The discovery of new coding alleles of human CYP26A1 which are potentially defective in the metabolism of all-trans retinoic acid and their assessment in a recombinant cDNA expression system

Retinoic acid (RA) is a critical regulator of gene expression during embryonic development and in the maintenance of adult epithelial tissues. Genetic polymorphisms of CYP26A1 could cause inter-individual variation in the metabolism of retinoic acid, thus altering signaling during embryonic development.
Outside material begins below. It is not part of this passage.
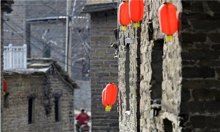 茶旧沟村位于太行山脚下,村内房屋依山而建,建筑材料以石头为主,错落有序,层层叠叠。
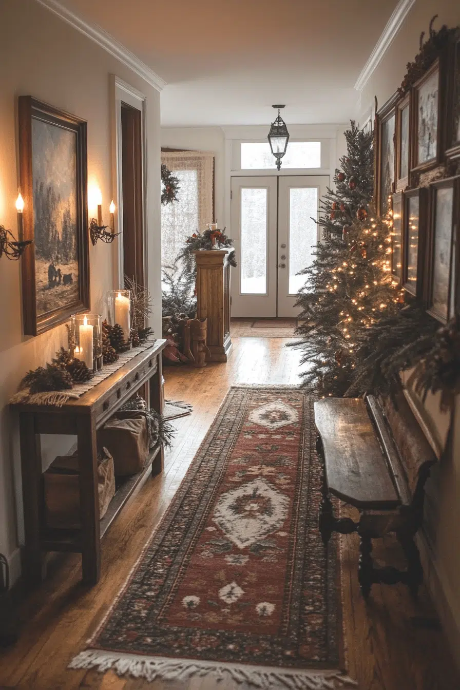 25. Rustic Hallway Seasonal Warmth

A total of 13 single nucleotide polymorphisms (SNPs) were identified in CYP26A1 in 92 racially diverse individuals (24 Caucasians, 24 African-Americans, 24 Asians and 20 individuals of unknown racial origin). Three of the 13 SNPS produced coding changes: R173S, F186L and C358R. These alleles were termed CYP26A1*2 , CYP26A1*3 , and CYP26A1*4 , respectively, by the Human Cytochrome P450 (CYP) Allele Nomenclature Committee at http://www.cypalleles.ki.se/ . cDNA constructs for wild-type and mutant alleles of CYP26A1 were constructed in a pcDNA3.1 expression vector containing a FLAG tag at the C-terminal end, which was used to identify and quantitate the CYP26A1 allelic proteins when expressed in COS-1 cells. Wild type CYP26A1 protein metabolized all-trans -retinoic acid (at-RA) to 4-oxo-RA, 4-OH-RA and 18-OH-RA as well as water-soluble metabolites. CYP26A1.3 (F186L) and CYP26A1.4 (C358R) allelic proteins exhibited significantly lower metabolism (40-80%) of at-RA than wild-type CYP26A1.1 protein. This study identifies two CYP26A1 coding alleles, CYP26A1*3 and CYP26A1*4 , which are predicted to be defective in retinoic acid metabolism based on the metabolism of at-RA by the recombinant proteins. This is the first study to identify coding alleles of CYP26A1 . The in vitro characterization of the recombinant allelic proteins suggests the need for future clinical studies of genotype/phenotype relationships of CYP26A1 in embryonic development.